Mélanie éclata de rire.
— Arrête, tu ne m’arrives même pas aux nichons.
Lauren était ivre de rage. Tenir le rôle d’une jeune fille calme et effacée dans ces circonstances exigeait une force de caractère hors du commun.
Elle se raccrocha à des pensées positives. Elle devait garder à l’esprit que cette mission de grande ampleur pouvait faire d’elle l’un des plus jeunes T-shirts noirs de l’histoire de CHERUB. Dans quelques mois, elle rirait de ces mésaventures en compagnie de Bethany.
— Allô, Lauren, ici la Terre ! brailla le professeur. Arrête de regarder dans le vide et recopie le schéma au tableau, s’il te plaît.
Elle saisit son stylo et sa règle, puis commença à tracer une droite sur une page vierge de son cahier d’exercices. Soudain, elle ressentit une violente douleur au coude. Elle leva le bras et vit une goutte de sang couler le long de son avant-bras. Elle comprit que Mélanie l’avait piquée avec la pointe de son compas.
Elle était sous le choc. Jusqu’alors, ses persécutrices s’étaient contentées de provocations verbales et de bousculades sans réelles conséquences. Cette agression physique constituait une escalade inacceptable. Elle parvint à contenir son désir de riposter et épongea le sang avec un Kleenex.
— Alors, qu’est-ce que tu vas faire, Rosbif ?
Lauren resta muette. Malgré la vive douleur que lui causait la blessure, elle se mordit la lèvre et se pencha sur son cahier d’exercices.
Elle devait se concentrer sur la mission.
— Rosbiiiiif, chuchota Mélanie en brandissant son compas, prête à la piquer de nouveau.

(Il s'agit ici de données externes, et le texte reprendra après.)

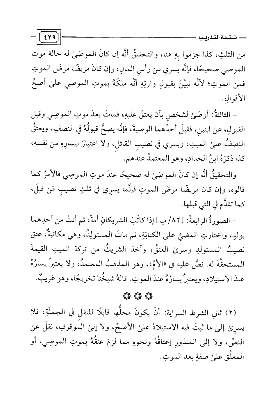 والتحقيقُ أنَّه إن كانَ الموصَى له صحيحًا عندَ موتِ الموصِي فالأمرُ كما قالوه، وإن كان مريضًا مرضَ الموتِ فإنَّما يسرِي في ثلثِ نصيبِ مَن قبلَ، كما تقدَّم في التي قبلها.

Cette fois, Lauren se tenait sur ses gardes. Elle poussa sa chaise en arrière, se leva d’un bond, saisit d’une main le poignet qui tenait l’arme, puis frappa Mélanie au visage avec une telle violence que sa victime bascula sur le côté, retombant mollement sur les cuisses de sa voisine Chrissie.
— Voilà ! Ça te suffit ou tu en veux encore ? gronda Lauren, les poings serrés, en la défiant du regard.

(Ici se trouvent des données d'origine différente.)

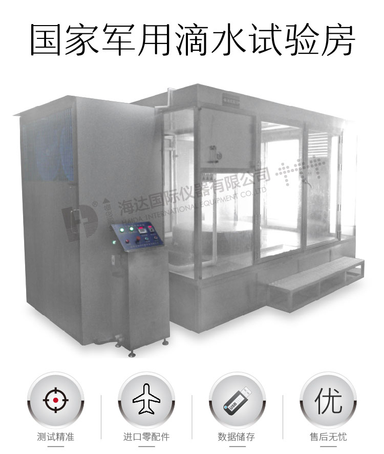 滴水試驗(yàn)房適用于考核電工產(chǎn)品,外殼和密封在淋雨環(huán)境下能否保證設(shè)備和元件良好性能的試驗(yàn)。本產(chǎn)品采用科學(xué)設(shè)計(jì),使得該設(shè)備能夠逼真的模擬滴水環(huán)境。 設(shè)計(jì)標(biāo)準(zhǔn):IP GJB150.8A-2009 標(biāo)準(zhǔn)之程序III | ||

À la vue du flot de sang qui jaillissait de la lèvre fendue de Mélanie, les élèves poussèrent des jurons et des murmures épouvantés.

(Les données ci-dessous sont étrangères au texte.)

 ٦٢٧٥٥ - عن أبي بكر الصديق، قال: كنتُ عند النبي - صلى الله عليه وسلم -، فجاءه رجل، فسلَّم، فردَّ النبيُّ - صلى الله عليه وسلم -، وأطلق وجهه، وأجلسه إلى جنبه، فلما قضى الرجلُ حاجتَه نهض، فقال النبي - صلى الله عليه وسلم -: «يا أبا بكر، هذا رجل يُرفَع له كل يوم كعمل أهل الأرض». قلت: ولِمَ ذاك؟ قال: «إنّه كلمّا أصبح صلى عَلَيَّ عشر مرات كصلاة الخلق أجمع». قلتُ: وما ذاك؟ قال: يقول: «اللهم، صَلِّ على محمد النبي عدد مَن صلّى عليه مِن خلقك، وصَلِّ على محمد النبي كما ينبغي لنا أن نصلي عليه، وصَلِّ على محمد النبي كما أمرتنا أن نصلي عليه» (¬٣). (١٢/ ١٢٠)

Lorsque la jeune fille se mit à hurler, le professeur, qui n’avait pas assisté à la scène, se précipita à son chevet.
— Nom de Dieu, mais qu’est-ce qui s’est passé ?
— Cette malade me maltraite depuis mon arrivée au collège ! cria Lauren. Je n’en peux plus, je n’en peux plus…
Sur ses mots, elle se laissa tomber sur sa chaise et fondit en larmes. Elle n’eut guère à forcer ses talents de comédienne. Si Lauren Prince pouvait à juste titre être bouleversée par une semaine de mauvais traitements, Lauren Adams, elle, était épouvantée à l’idée d’avoir mis en péril la mission.
***
Le directeur adjoint du collège observait Lauren d’un air incrédule.
— Ainsi, tu affirmes que Mélanie t’a harcelée pendant des jours avant de te planter ce compas dans le bras. Pourquoi n’en as-tu pas parlé à ton professeur ? Ta réaction violente était totalement inappropriée.
— J’en ai conscience.
— Mélanie a reçu trois points de suture à la lèvre. Dans des circonstances normales, ce comportement t’aurait valu une exclusion immédiate et définitive. Cela dit, je ne peux nier que tu as subi une agression sérieuse, et je ne te cache pas que Mélanie et Chrissie n’en sont pas à leur coup d’essai. En outre, je sais que ta famille traverse une période difficile. J’ai décidé de ne pas te sanctionner mais, en échange, je compte sur toi pour rencontrer l’un de nos conseillers scolaires. Cela te convient-il ?
Lauren hocha la tête.
— Parfait, dit l’homme. Oublions cette première semaine difficile et repartons du bon pied dès lundi.
— Merci, monsieur.
— Au fait, par simple curiosité, où as-tu appris à te battre ?
— Mon père était champion de karaté, à l’université. Il nous a montré quelques enchaînements quand on était petits, à mon frère, ma sœur et moi.